*What the task requires*: Below are the records; print exactly the lines from the one with "Join us for" through the last, both included, and leave the pictures out.

*** Opening Task inputs ***

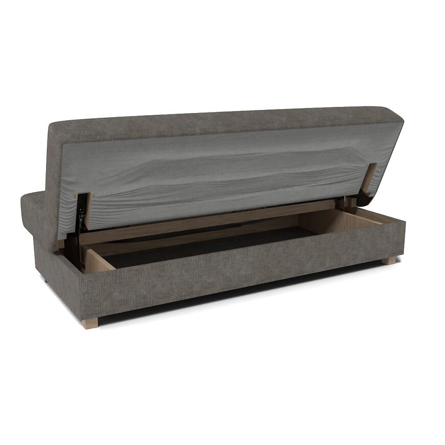 Kanapa Salsa Astra 5 posiada jeden schowek na pościel, idealny do przechowywania kołdry, poduszek lub innych tekstyliów. Schowek jest łatwo dostępny i nie zabiera dodatkowej przestrzeni, zwiększając funkcjonalność mebla.
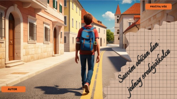 Dobrodošli u interaktivnu priču o Davidu, srednjoškolcu koji se suočava s raznim izazovima u školi i privatnom životu. Priča omogućava istraživanje njegovih misli i odluka. Istraživanjem interaktivnih elemenata saznajte Davidovu priču!
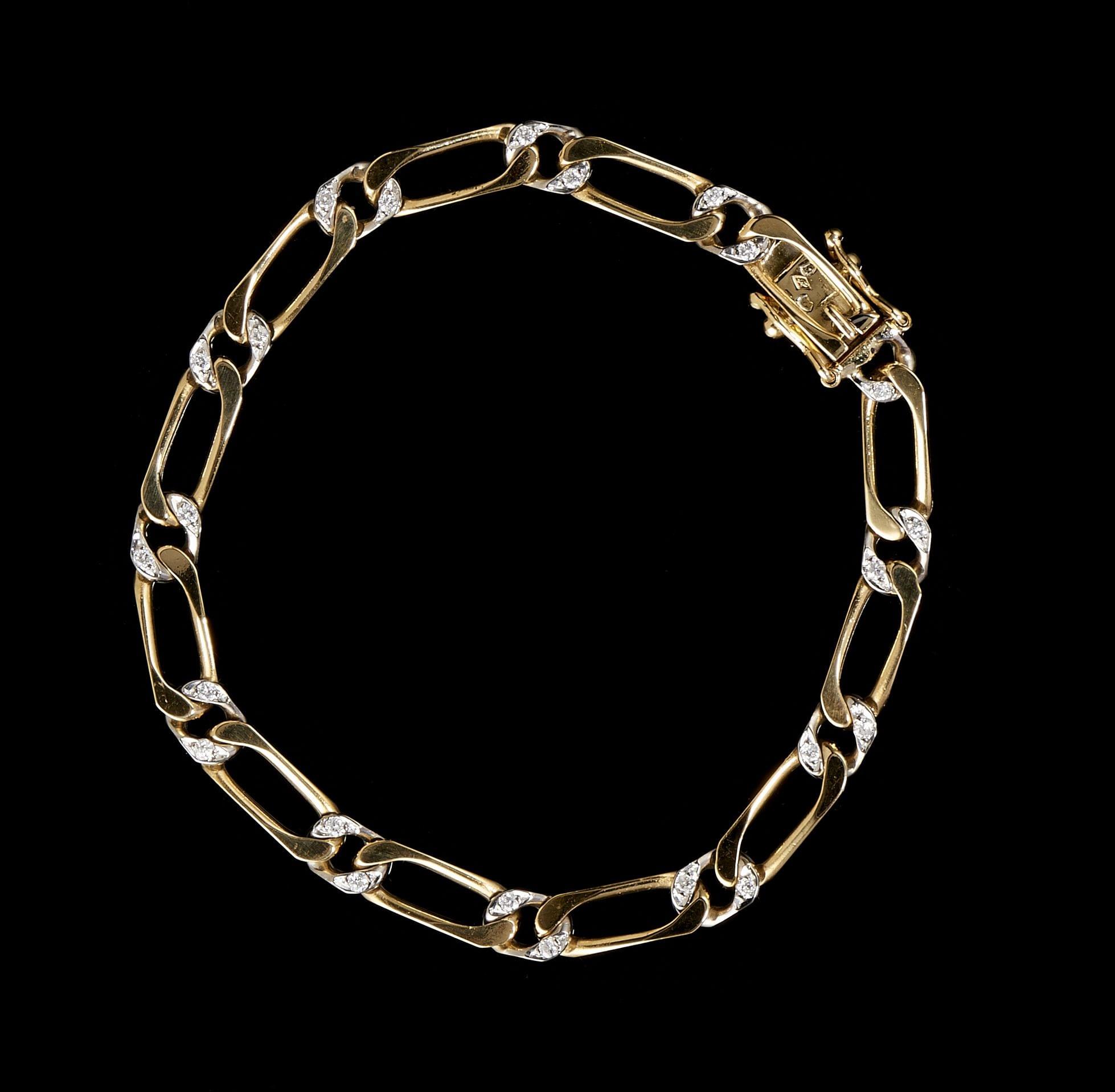 140. Bracelet à maille figaro bicolore sertie de diamants
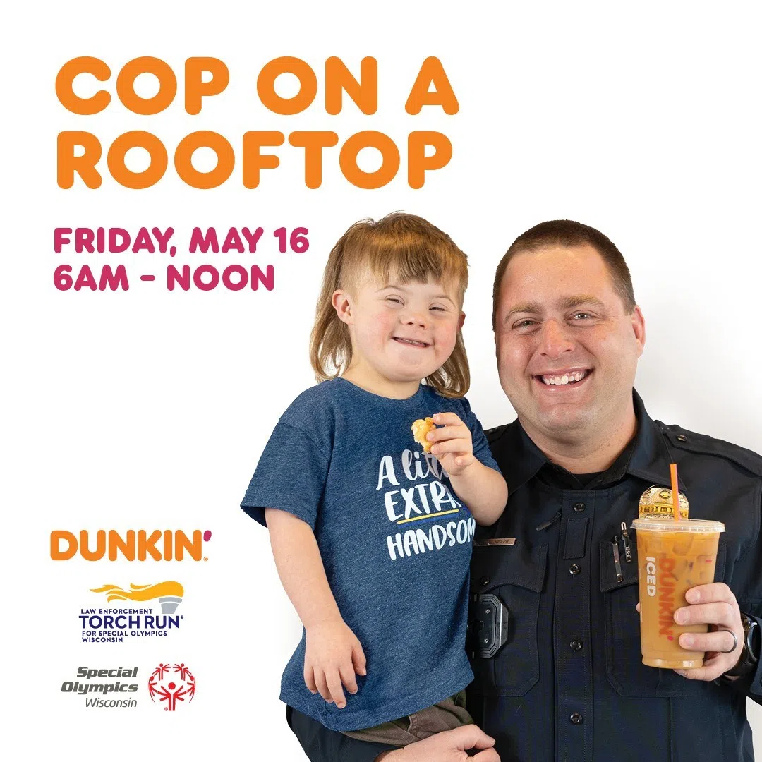 Join us for the 10th Annual Law Enforcement Torch Run (LETR) Dunkin’ Cop on a Rooftop fundraiser at any participating Wisconsin Dunkin’ location!
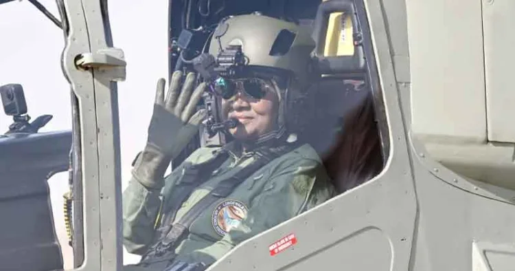 “പ്രചണ്ഡ് ഹെലികോപ്റ്റർ സ്വാശ്രയത്വത്തിന്റെ ശക്തമായ പ്രതീകമാണ്. ഈ നിമിഷം, ഞാൻ ജയ്സാൽമീർ ജില്ലയ്‌ക്ക് മുകളിലൂടെ പറക്കുകയാണ്. നമ്മുടെ ധീരരായ സൈനികർക്ക് എന്റെ ഹൃദയംഗമമായ ആശംസകളും അഗാധമായ നന്ദിയും അറിയിക്കുന്നു. ജയ് ഹിന്ദ്, ജയ് ഭാരത്, നിങ്ങൾക്ക് ഊഷ്മളമായ സല്യൂട്ട്,” കോക് പിറ്റിൽ ഇരുന്ന് രാഷ്‌ട്രത്തോടായി അവർ പറഞ്ഞു.
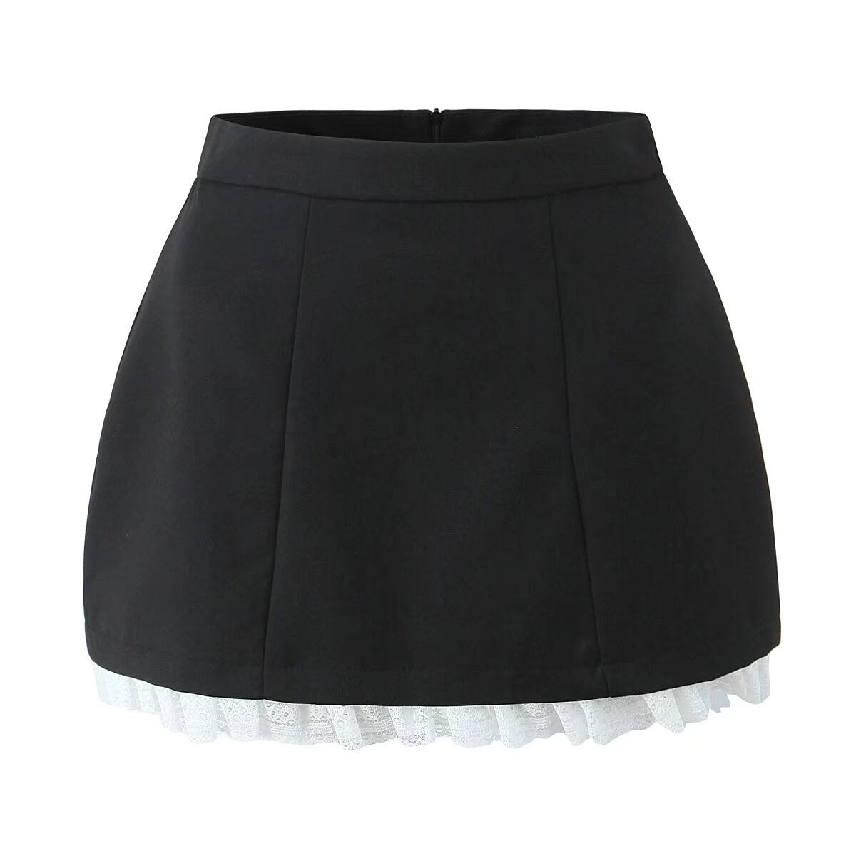 Kjolen har en unik design med två-ton spetstrim som ger en modern touch. Den är idealisk för streetwear och kan enkelt kombineras med olika toppar för att skapa en personlig stil.

*** Closing Task inputs ***

*Exercise output*:
 Join us for the 10th Annual Law Enforcement Torch Run (LETR) Dunkin’ Cop on a Rooftop fundraiser at any participating Wisconsin Dunkin’ location!
 “പ്രചണ്ഡ് ഹെലികോപ്റ്റർ സ്വാശ്രയത്വത്തിന്റെ ശക്തമായ പ്രതീകമാണ്. ഈ നിമിഷം, ഞാൻ ജയ്സാൽമീർ ജില്ലയ്‌ക്ക് മുകളിലൂടെ പറക്കുകയാണ്. നമ്മുടെ ധീരരായ സൈനികർക്ക് എന്റെ ഹൃദയംഗമമായ ആശംസകളും അഗാധമായ നന്ദിയും അറിയിക്കുന്നു. ജയ് ഹിന്ദ്, ജയ് ഭാരത്, നിങ്ങൾക്ക് ഊഷ്മളമായ സല്യൂട്ട്,” കോക് പിറ്റിൽ ഇരുന്ന് രാഷ്‌ട്രത്തോടായി അവർ പറഞ്ഞു.
 Kjolen har en unik design med två-ton spetstrim som ger en modern touch. Den är idealisk för streetwear och kan enkelt kombineras med olika toppar för att skapa en personlig stil.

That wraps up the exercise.